China's Artificial Sun


Hefei will become the first institute in the world to have built an all-superconducting non-circular section nuclear fusion experiment facility -- an artificial sun.


This is an area of power generation I’ve come back to several times in the decades since I worked for a vendor to contractors building nuclear fission-based power plants in the US. Though my experience with that industry was pretty negative, it never set aside my view of the capabilities of the science involved — and especially the potential of the following generations of research into nuclear fusion-generated power. Notably, we can avoid most of the problems associated with radioactive waste.

An experimental device that aims to generate clean energy using nuclear fusion will be [completed] in the next few months in Hefei, capital city of East China’s Anhui Province.

The new device will be an upgrade of China’s first superconducting Tokamak device, dubbed HT-7, which was built by the plasma physics institute, in partnership with Russia, in the early 1990s.

HT-7 made China the fourth country in the world, after Russia, France and Japan, to have such a device.

Scientists believe that deuterium, extracted from seawater, can be used to produce enormous amounts of energy from a deuterium-tritium fusion reaction under huge temperatures of 100 million C.

After nuclear fusion, the deuterium extracted from one litre of seawater will produce energy equivalent to 300 litres of gasoline.

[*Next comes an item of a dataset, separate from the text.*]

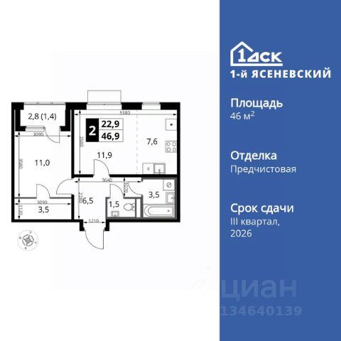 Прямая продажа от застройщика! Жилой Комплекс класса Комфорт Плюс. Продаётся 2-к квартира номер 461 общей площадью 46.9 кв.м. на 5-м этаже 18 этажного здания. Отделка Whitebox. Цена с учётом скидки. Особенности квартиры: - Квартиры рядом с метро - м. Корниловская 9 мин пешком - 63 га лесопарка за окнами - Школа c it-кластером и бассейном. 2 детских сада - Мастер-зона с гардеробной. Просторное место для отдыха и удобного хранения вещей. - Линейная планировка - максимальная функциональность и удобство. - Увеличенное количество окон - дополнительное освещение и свежий воздух. - Раздельный санузел - больше удобства для всех членов семьи. - Евроформат - просторное и удобное жилье с отличной планировкой. - Просторная мягкая зона - комфорт и уют для отдыха всей семьи. - Гардеробная - удобство для хранения и организации вещей. - Лоджия - уютное место для отдыха и тишины. Квартира с предчистовой отделкой (White box). Вам не придется заниматься черновыми и трудоёмкими работы, а чистовую отделку и дизайн - сделайте на свой вкус. Информация о комплексе: В жилом комплексе комфорт-плюс класса "1-го Ясеневского" доступны преимущества двух стилей жизни. Ведь в пешей доступности метро, школа с 25-метровым бассейном и IT-кластером и при этом целых 63 га благоустроенного Троицкого лесопарка под окнами, где так приятно дышать свежим воздухом и слушать пение птиц. Собственная закрытая территория "1-го Ясеневского" представляет собой уютный оазис. Здесь и зеленый освещенный бульвар для прогулок, система велодорожек, маленькая городская площадь, кафе, пекарни и кофе поинты. А еще дворы без машин и многоэтажная парковка. Изюминка территории - фруктовые деревья во дворах и городские сады. "1-й Ясеневский" - всего в 1 км от МКАД, на территории новой Москвы. Жилой комплекс, где есть все необходимое для современного человека. Транспортная доступность: До метро "Корниловская" - 12 минут пешком До метро "Тютчевская" - 25 минут пешком До метро "Теплый стан" - 10 минут на транспорте До метро "Ольховая" - 30 минут на общественном транспорте Личный автотранспорт: Выезд на Калужское шоссе - 500 м МКАД - 1 км Внутренняя инфраструктура: ЖК "1-й Ясеневский" можно назвать идеальным местом для жизни семьи с детьми. Здесь буквально за домом находится Троицкий лесопарк - излюбленное место прогулок молодых родителей. А во внутренних дворах под детские площадки выделены специальные зоны. Они оборудованы всем, что нужно для счастливого детства: современными и максимально безопасными качелями, песочницами и лазалками. Оборудование и игровые сценарии на детских площадках спроектированы вместе с командой детских психологов для правильного развития ребенка и для повышения их интереса. Также рядом с домом два детских садика, один из которых уже построен и школа на 1100 мест. Школу по праву можно назвать образцовым учебным заведением. В ней закладываются основы успешного будущего. Здесь есть класс робототехники, IT-кластер, 25-метровый бассейн и пр

The European Union, the United States, Russia, Japan, South Korea and China are partners in the Cadarache project in France — which is just breaking ground after 18 months of political wrangling, mostly between France and Japan on where the latest ITER project would be built. It’s much more expensive than the Chinese project. Presumably it’s larger.

I hope to see these experiments bearing fruit, sooner or later. We’ve been waiting a long time.